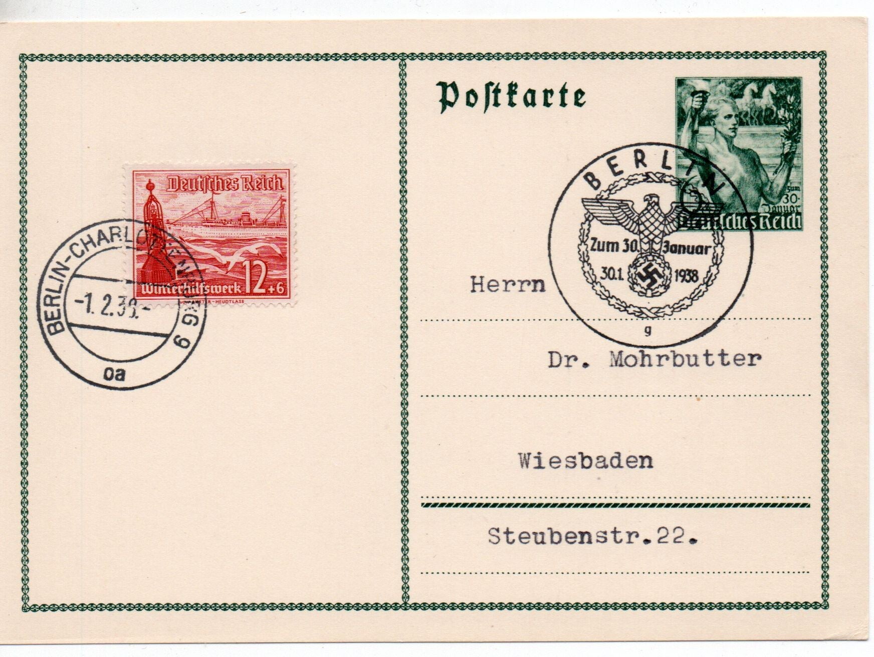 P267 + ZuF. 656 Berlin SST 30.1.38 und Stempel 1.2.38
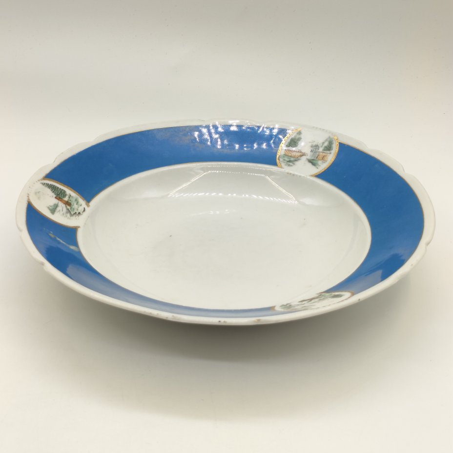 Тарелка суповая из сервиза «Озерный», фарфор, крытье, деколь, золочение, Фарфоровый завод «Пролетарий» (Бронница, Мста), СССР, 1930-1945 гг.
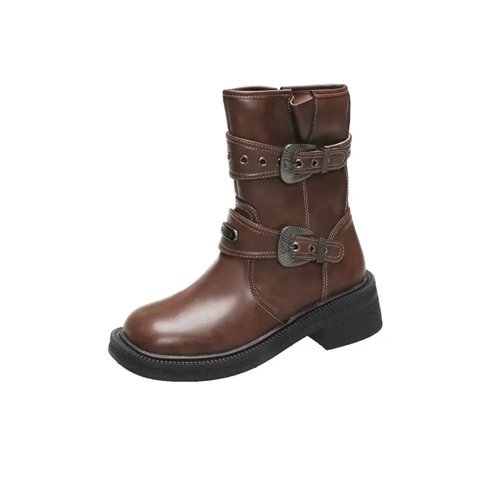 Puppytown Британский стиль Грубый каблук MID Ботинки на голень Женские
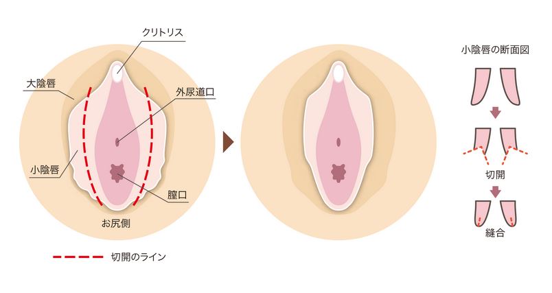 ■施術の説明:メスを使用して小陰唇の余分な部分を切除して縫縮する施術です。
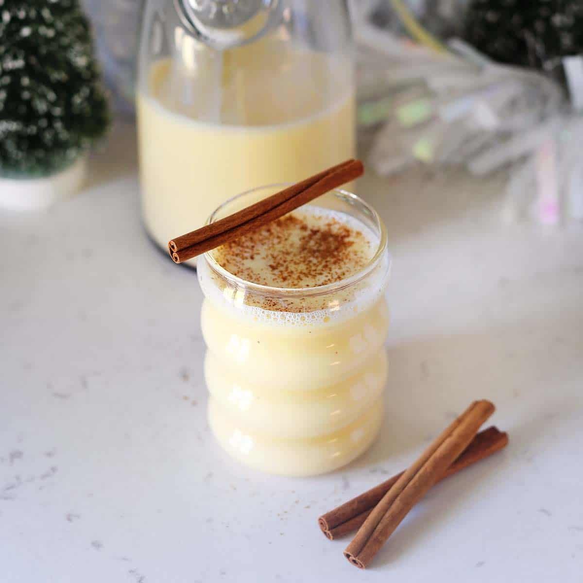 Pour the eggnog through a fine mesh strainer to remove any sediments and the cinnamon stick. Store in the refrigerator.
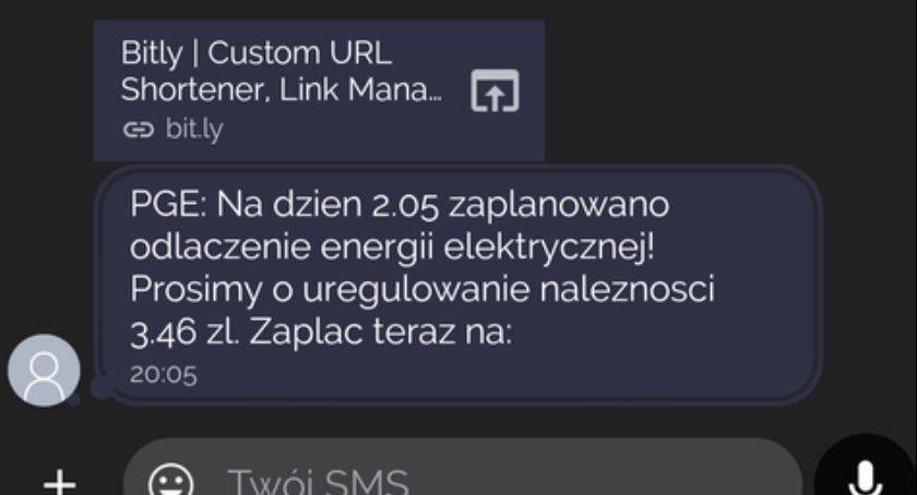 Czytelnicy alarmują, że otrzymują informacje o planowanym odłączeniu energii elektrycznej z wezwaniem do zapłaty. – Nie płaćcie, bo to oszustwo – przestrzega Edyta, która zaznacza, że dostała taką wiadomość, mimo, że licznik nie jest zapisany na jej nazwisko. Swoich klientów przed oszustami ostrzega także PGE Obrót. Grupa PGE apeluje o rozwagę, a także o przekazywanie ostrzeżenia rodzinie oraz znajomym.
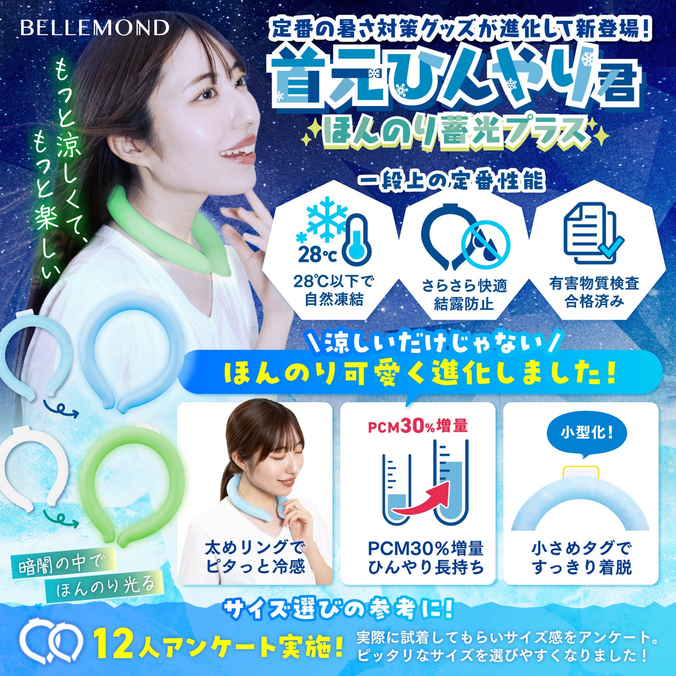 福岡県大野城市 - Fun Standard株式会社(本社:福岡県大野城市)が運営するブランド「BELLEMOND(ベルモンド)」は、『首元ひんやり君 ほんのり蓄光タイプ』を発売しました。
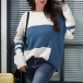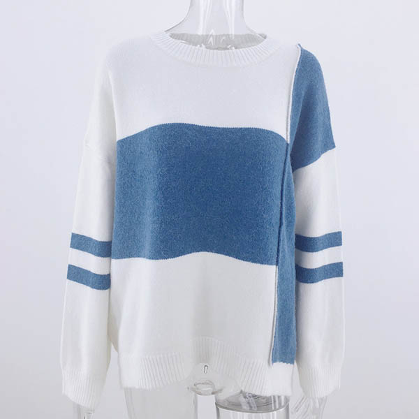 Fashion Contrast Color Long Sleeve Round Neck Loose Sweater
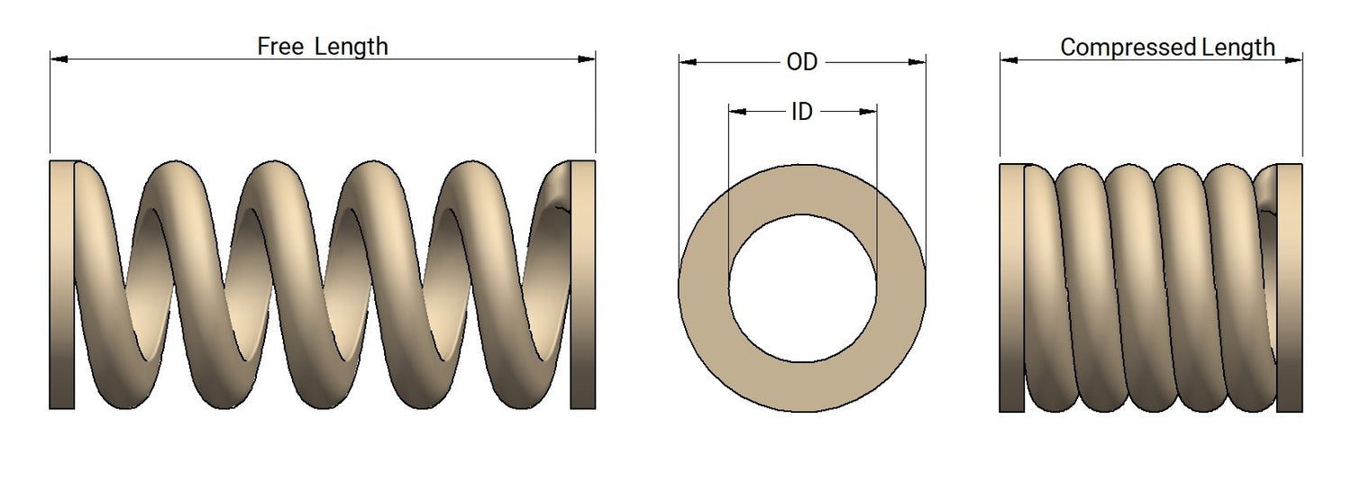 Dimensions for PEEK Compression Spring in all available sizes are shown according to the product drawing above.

---

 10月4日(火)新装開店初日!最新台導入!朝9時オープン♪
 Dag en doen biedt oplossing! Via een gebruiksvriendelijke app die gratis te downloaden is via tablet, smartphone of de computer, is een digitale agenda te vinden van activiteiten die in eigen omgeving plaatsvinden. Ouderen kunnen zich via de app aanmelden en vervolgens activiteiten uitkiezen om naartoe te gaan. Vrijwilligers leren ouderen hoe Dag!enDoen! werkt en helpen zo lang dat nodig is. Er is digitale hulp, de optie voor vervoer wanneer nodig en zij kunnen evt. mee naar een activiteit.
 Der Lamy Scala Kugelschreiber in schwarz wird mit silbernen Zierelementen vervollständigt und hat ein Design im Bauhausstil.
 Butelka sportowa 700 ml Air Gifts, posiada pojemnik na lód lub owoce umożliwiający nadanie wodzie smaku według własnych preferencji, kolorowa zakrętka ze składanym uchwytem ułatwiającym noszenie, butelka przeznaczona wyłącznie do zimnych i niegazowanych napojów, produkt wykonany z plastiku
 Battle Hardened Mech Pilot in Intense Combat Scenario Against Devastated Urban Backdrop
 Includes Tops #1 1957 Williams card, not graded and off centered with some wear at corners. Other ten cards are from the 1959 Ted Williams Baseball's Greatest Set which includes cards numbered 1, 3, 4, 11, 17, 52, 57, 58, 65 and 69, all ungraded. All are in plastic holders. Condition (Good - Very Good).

* * *

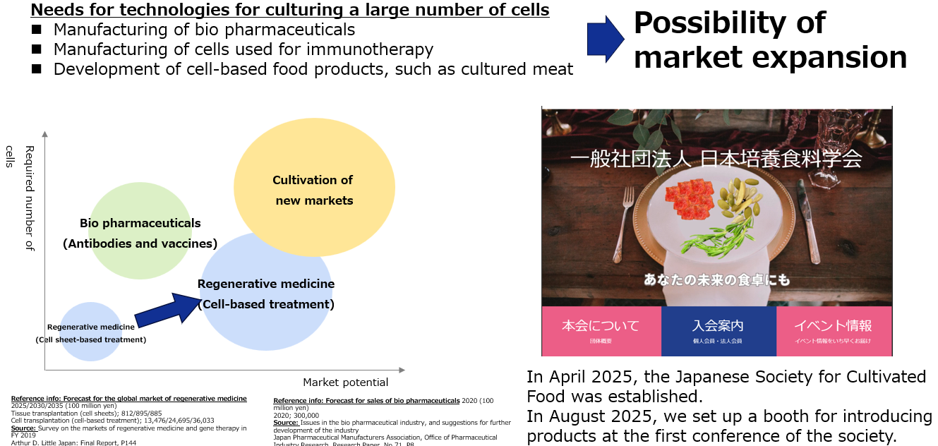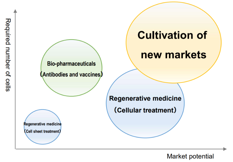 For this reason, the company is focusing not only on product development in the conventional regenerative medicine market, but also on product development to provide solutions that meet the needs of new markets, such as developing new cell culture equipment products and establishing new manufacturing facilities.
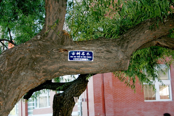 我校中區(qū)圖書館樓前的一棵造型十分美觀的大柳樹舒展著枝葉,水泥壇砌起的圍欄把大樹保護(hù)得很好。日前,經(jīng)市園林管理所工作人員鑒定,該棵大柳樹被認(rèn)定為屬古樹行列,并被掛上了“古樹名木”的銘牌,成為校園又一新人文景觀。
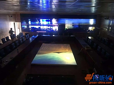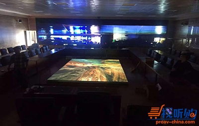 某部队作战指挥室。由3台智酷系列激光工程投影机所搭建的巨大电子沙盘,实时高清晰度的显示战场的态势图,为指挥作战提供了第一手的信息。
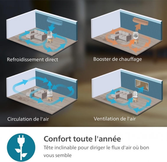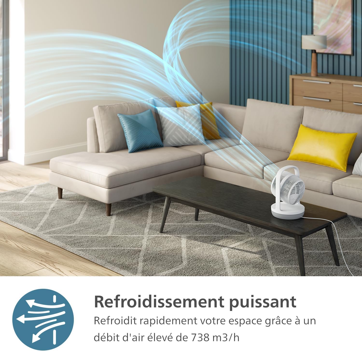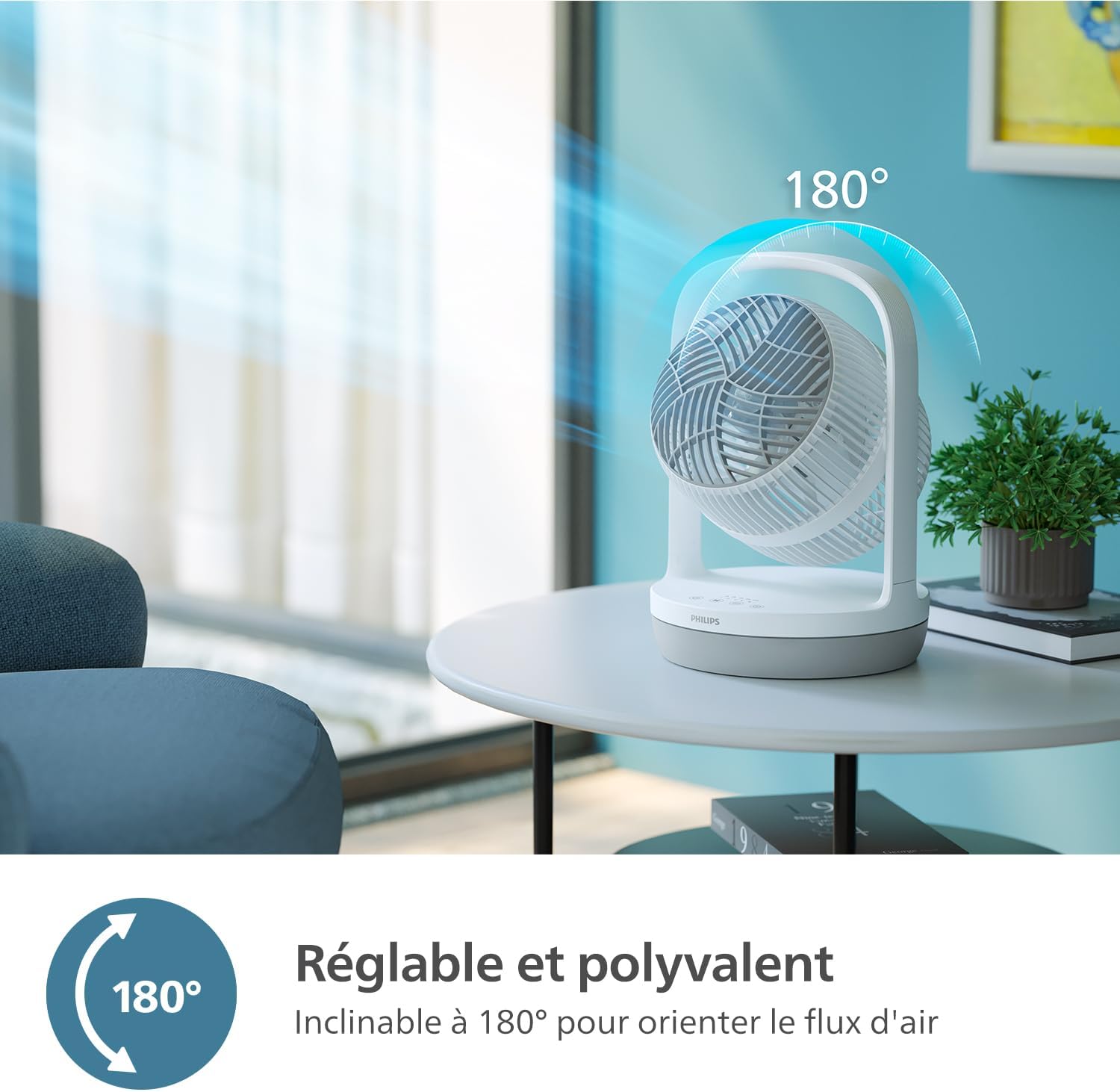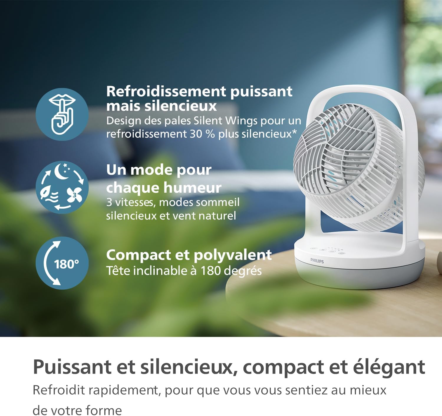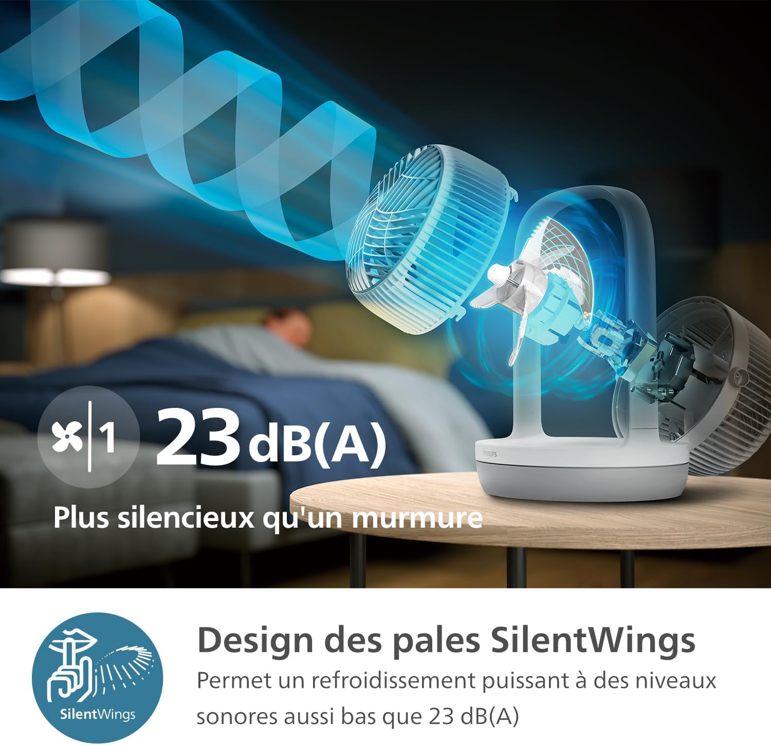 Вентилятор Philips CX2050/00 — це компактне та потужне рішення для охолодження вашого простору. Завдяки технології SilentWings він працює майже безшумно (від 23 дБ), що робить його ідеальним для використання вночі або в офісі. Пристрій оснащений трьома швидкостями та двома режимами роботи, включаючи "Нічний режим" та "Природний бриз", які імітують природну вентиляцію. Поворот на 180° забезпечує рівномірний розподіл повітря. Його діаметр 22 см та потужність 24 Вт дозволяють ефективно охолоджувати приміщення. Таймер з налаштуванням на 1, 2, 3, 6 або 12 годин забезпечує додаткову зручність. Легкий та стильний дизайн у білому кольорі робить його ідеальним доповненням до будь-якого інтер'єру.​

(EXERCISE GOAL) Within the listing above, extract exactly the lines that run from the one containing "Pour the eggnog" through the one containing "Dimensions for PEEK", excluding any pictures.

(THE COMPLETED TASK)
 Pour the eggnog through a fine mesh strainer to remove any sediments and the cinnamon stick. Store in the refrigerator.
 Czytelnicy alarmują, że otrzymują informacje o planowanym odłączeniu energii elektrycznej z wezwaniem do zapłaty. – Nie płaćcie, bo to oszustwo – przestrzega Edyta, która zaznacza, że dostała taką wiadomość, mimo, że licznik nie jest zapisany na jej nazwisko. Swoich klientów przed oszustami ostrzega także PGE Obrót. Grupa PGE apeluje o rozwagę, a także o przekazywanie ostrzeżenia rodzinie oraz znajomym.
 福岡県大野城市 - Fun Standard株式会社(本社:福岡県大野城市)が運営するブランド「BELLEMOND(ベルモンド)」は、『首元ひんやり君 ほんのり蓄光タイプ』を発売しました。
 Fashion Contrast Color Long Sleeve Round Neck Loose Sweater
 Dimensions for PEEK Compression Spring in all available sizes are shown according to the product drawing above.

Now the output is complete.